Blueprint 2020 continues to be the key driver in the federal government’s on-going pursuit of improving public services for Canadians and renewing the federal public service. The renewal elements include a desire to improve the quality and relevance of its policy advice to government and to improve productivity, efficiency and services.

The five objectives of Blueprint 2020 are broad based and forward looking. In summary they are to promote innovation and networking, empowerment and more efficient work processes, the greater use of technology in the work force, better people management, and the active promotion of public service values and ethics which reinforce the aspirations and values of the millennial generation.

To reinforce the need for reform, the Secretary of the Treasury Board has also been driving a parallel exercise through the articulation of the “key leadership competencies” that are going to be required of employees, at all levels, in the public service in the coming years. Running through all of the expected competencies are four common themes: values and ethics (such as excellence in client service); thinking things through (such as analysis and ideas); engagement (such as sharing information and consultation); and excellence through results (which encompasses efforts to encourage more initiative and collaboration).

These far reaching and ambitious objectives are being contested by a number of contextual developments that will challenge the public service’s ability to successfully make the necessary changes in the way it operates and manages its human resources. Failing to capture the significance of these challenges could ultimately undermine the success of the two exercises.

First, over the past decade the federal government has hired more than 110,000 new employees, the vast majority of whom were hired into entry-level jobs. As a consequence of the increase in hiring since 2006, approximately 25 percent of the public service has less than five years of government experience and 60 percent has less than 15 years experience.
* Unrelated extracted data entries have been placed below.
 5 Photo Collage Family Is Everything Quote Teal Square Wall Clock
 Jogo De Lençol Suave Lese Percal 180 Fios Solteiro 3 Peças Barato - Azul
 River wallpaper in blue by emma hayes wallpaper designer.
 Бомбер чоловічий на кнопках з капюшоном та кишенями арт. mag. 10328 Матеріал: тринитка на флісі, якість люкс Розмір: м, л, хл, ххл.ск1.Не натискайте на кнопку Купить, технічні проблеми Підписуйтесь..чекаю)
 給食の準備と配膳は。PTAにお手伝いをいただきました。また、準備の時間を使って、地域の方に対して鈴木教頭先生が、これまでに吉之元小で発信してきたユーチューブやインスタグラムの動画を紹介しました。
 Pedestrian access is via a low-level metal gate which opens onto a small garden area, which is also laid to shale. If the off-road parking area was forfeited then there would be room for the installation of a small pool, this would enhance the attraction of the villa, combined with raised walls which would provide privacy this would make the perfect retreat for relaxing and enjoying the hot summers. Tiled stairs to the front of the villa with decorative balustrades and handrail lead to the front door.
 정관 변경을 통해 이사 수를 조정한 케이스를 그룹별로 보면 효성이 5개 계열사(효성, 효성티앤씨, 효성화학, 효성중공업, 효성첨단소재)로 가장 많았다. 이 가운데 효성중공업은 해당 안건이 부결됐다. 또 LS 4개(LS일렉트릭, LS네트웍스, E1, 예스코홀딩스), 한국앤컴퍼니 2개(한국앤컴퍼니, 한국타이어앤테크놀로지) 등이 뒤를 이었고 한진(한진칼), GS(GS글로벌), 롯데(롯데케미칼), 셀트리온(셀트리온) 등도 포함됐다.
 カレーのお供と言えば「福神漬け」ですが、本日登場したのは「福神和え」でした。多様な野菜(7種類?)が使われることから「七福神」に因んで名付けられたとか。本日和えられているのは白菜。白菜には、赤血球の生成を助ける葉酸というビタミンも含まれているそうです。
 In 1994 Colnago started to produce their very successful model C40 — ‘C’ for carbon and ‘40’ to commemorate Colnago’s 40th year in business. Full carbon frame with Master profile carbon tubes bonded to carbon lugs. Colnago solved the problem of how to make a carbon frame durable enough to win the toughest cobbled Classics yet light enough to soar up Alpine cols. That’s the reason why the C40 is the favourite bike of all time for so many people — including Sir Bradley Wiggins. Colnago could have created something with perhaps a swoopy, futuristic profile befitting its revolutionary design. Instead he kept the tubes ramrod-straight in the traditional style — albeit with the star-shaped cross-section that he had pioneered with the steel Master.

In effect, it is a very young workforce that is being asked to respond to Blueprint 2020 and the Treasury Board’s key leadership competencies.

Second, the series of recent government personnel and spending cuts have weakened employees’ notions of job security and generally threatened the longstanding principle that a permanent job in government was effectively a career-long appointment.
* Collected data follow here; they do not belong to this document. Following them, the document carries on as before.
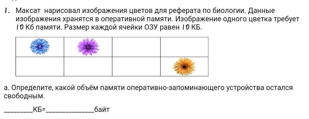 Максат нарисовал изображения цветов для реферата по биологии. Данные изображения хранятся в оперативной памяти. Изображение одного цветка требует 10 Кб памяти. Размер каждой ячейки ОЗУ равен 10 КБ.
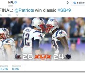 Gridiron football isn’t exactly a world game, but the spectacle of the Super Bowl still draws nearly a billion viewers who do a heckuva lot of tweeting. It just horse-collared its previous Twitter record with around 28.4 million tweets from around the globe, easily surpassing last year’s mark of 24.9 million. This year’s edition did have a lot going for it: a tight match, a crazy finish, all those pricy ads and the whole Katy Perry dancing shark hoedown. But despite all that, it still couldn’t touch the World Cup, which triggered 32.1 million tweets for the finale and 35.6 million for the Germany vs. Brazil semi-final matchup. And most of those likely involved the game, not a gigantic animatronic tiger.
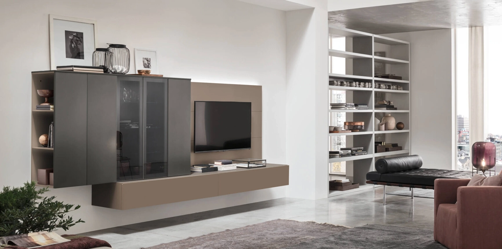 Attraverso un gioco dinamico di accostamenti fra accessori a giorno o vani chiusi, le Pareti Attrezzate moderne arredano il soggiorno usufruendo al meglio di ogni spazio. Le Pareti Attrezzate hanno conquistato un posto di primo piano nella zona giorno delle nostre case: sono arredi plurifunzionali e salvaspazio sempre realizzabili su misura per te. Per informazioni e preventivi sulla Parete Attrezzata Unix Comp SU2113 di Maronese in foto contattaci! Il modello proposto è realizzato in laccato opaco, ma grazie ad una grande varietà di finiture, cromie e conformazioni, potrà adattarsi a stili di ogni genere.
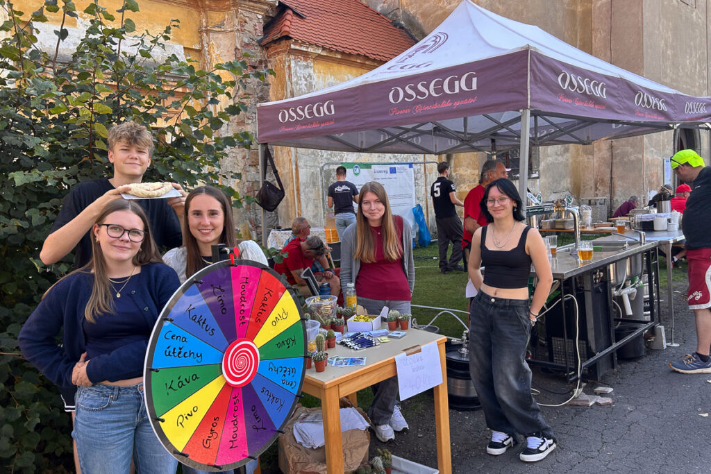 Das Dorffest prägte den Samstag: Die Gruppe übernahm verschiedene Dienste und war beispielsweise am Glücksrad-Stand und anderen Aktivitäten beteiligt. Trotz diverser Sprachbarrieren fand vor allem auf Basis der englischen Sprache eine lebhafte Begegnung der Schülerinnen und Schüler mit tschechischen Kindern und Jugendlichen statt. Es war trotz sommerlicher Hitze eine bereichernde Erfahrung, gemeinsam Dinge zu gestalten und für andere da zu sein. Das Feuerwerk am Abend und die ausgelassenen gemeinsamen Stunden sorgten für einen stimmungsvollen Abschluss.
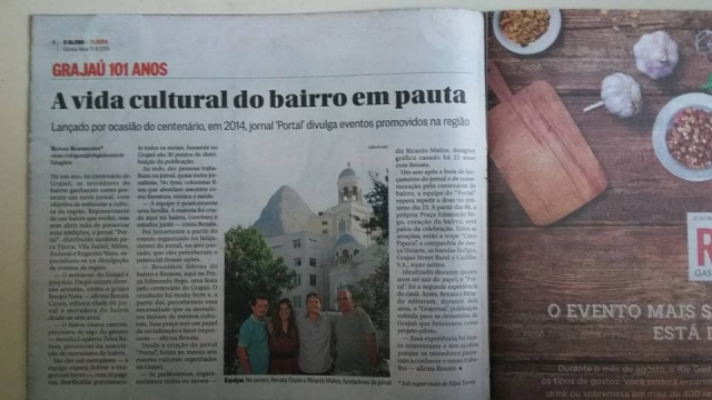 Evento de Aniversário de 101 Anos do bairro do Grajaú, no Rio de Janeiro, onde se localiza a sede do Jornal Portal. A festa, realizada dia 23 de agosto de 2015, promovida pelo Jornal Portal, pela Escola Livre Vila Musical, pela Associação de moradores do Grajaú (AMGRA), com apoio da Associação Atlética Light, do Supermercados Prix e do comércio local, reuniu mais de 2 mil pessoas na Praça Edmundo Rego. Contou com diversas atrações artísticas e circenses, dentre elas a Big Band da Escola Livre Vila Musical, a Trupe do Circo Pipoca, Uniarte Escola de Dança, Escola Carioca de Dança, Vivá Cia. de Dança, ainda teve os shows das bandas Cadillac S.A., Índigos e a banda superstar Consciência Tranquila, que transformou a praça num enorme baile de charme e black music.

Third, Canadians are changing their behavioural patterns with regard to accessing government services. More than ever, citizens expect seamless and efficient government services as they experience enhanced levels of service from private sector providers. Their growing expectations are pushing the established boundaries concerning service standards.

Last, and perhaps most significant, young people have different values than earlier generations of new employees and they dramatically differ from their current bosses in terms of work attitudes and career expectations. Most notably, young employees are in constant communications with one another, are less attached to the workforce, have high job mobility, are very demanding of the work world, and demonstrate high levels of so-called egocentric behaviour.
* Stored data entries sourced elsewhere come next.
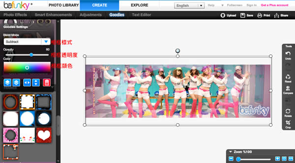 首頁線上工具影像繪圖 befunky 線上圖片編輯,加入效果、文字、對話框等 befunky 是一個提供線上編輯圖片及加入效果的免費服務網站,除了提供基本的自動與手動修正圖片,包含像是亮度及色差等之外,befunky 也提供豐富的可加入相片的圖示、相框、文字效果、增加圖片的美觀度。 🔔 不錯過任何精彩! 立即訂閱我們的 LINE 官方帳號 每次發佈新文章時,您將會第一時間收到本站文章連結通知,輕鬆掌握最新資訊! 使用 LINE 追蹤文章更新 §相關文章,還可以參閱:跟著做就會!教你用 ChatGPT 製作具職業形象的漫畫風頭像Put!所見即所得的 AI 提示詞圖庫:讓你看著範例圖,複製就能做出同級作品Google 親自示範:Nano Banana AI 圖像編輯工具的 13 個熱門玩法照片角度不滿意?AI 幫你調整!3D Camera Control 讓舊照片任意變換視角Meta AI 免費帳戶也能用 Midjourney!無限生成 AI 圖片,台灣可用 如何使用 befunky? 1.進入 befunky 網站後,點擊[Apply Photo Effetcs >>]。 2.接下來就會進入圖片編輯區,點擊[Upload],並在出現的功能表中,選擇相片的來源,例如從本機電腦就可以點擊[Upload from PC]。 3.選擇好圖片後,便可開始運用 befunky 所提供的功能。 4.例如想加入一個相框,點擊[Goodies]後,在左邊欄點擊[frames]並將喜愛的樣式拖拉到編輯區上,利用所提供的工具調整相框。 5.若想加入文字或其他效果,其步驟均相似。對於編輯好的相片,若要儲存到本機電腦可點擊右上方的[Save]或分享[Share]。 befunky網站網址:http://www.befunky.com/
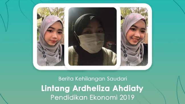 Lintang Ardheliza Ahdiaty mahasiswi Universitas Pendidikan Indonesia (UPI) dikabarkan hilang. Sudah dua pekan berlalu, Lintang tak ditemukan oleh keluarga.
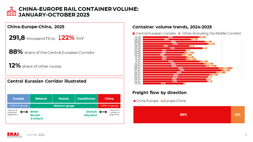 - In January-October, the volume of China-Europe-China rail container transportation decreased by 21% YoY. In October, the total shipment volume across all routes fell by 11% YoY but also increased by 11% MoM. Volume growth in October compared to September was recorded on both the Central Eurasian Corridor and the Middle corridor. Seasonal delays are observed on the Middle corridor in the Caspian Sea due to adverse weather conditions.
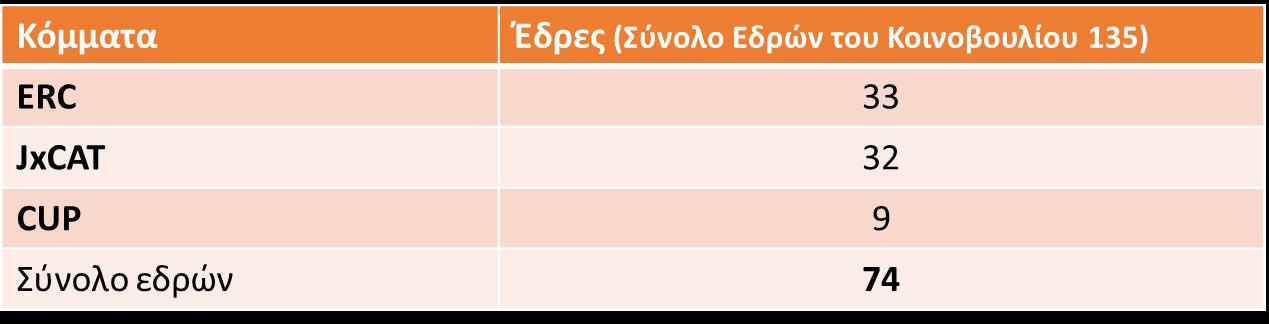 Πίνακας 2: 1ο σενάριο σχηματισμού κυβέρνησης με τα κόμματα υπέρ της ανεξαρτησίας

Despite these demographic and situational factors that are making reform more difficult than expected, the Blueprint 2020 initiative is the public service’s best chance to lead the “new” public service in a genuine renewal effort by building on the new employee cohort’s appreciation of information technology and the power of emerging wireless communications technologies.

The challenge for the public service leadership, which includes everyone with managerial responsibilities, is to motivate the recently hired Millennials by doing the following:

• Take advantage of the considerable technical, social media, and communications skills of the new generation of public servants by making the workplace adapt to them, not the other way around. This can be achieved by encouraging the modernized interactions among employees that have been identified in the Treasury Board’s leadership competencies but have been rarely implemented.

• Create a learning environment for staff that will strive to complement employee skills with the values being championed in the competency regimes.

• Identify potential leaders from among the young cohort to provide guidance, develop capacity, evaluate performance, and support their efforts to balance work and other demands.

• Harness the technologies that are currently available through third-party application developers that will enhance the quality of service delivery, coordination and communications among employees, and interdepartmental collaboration.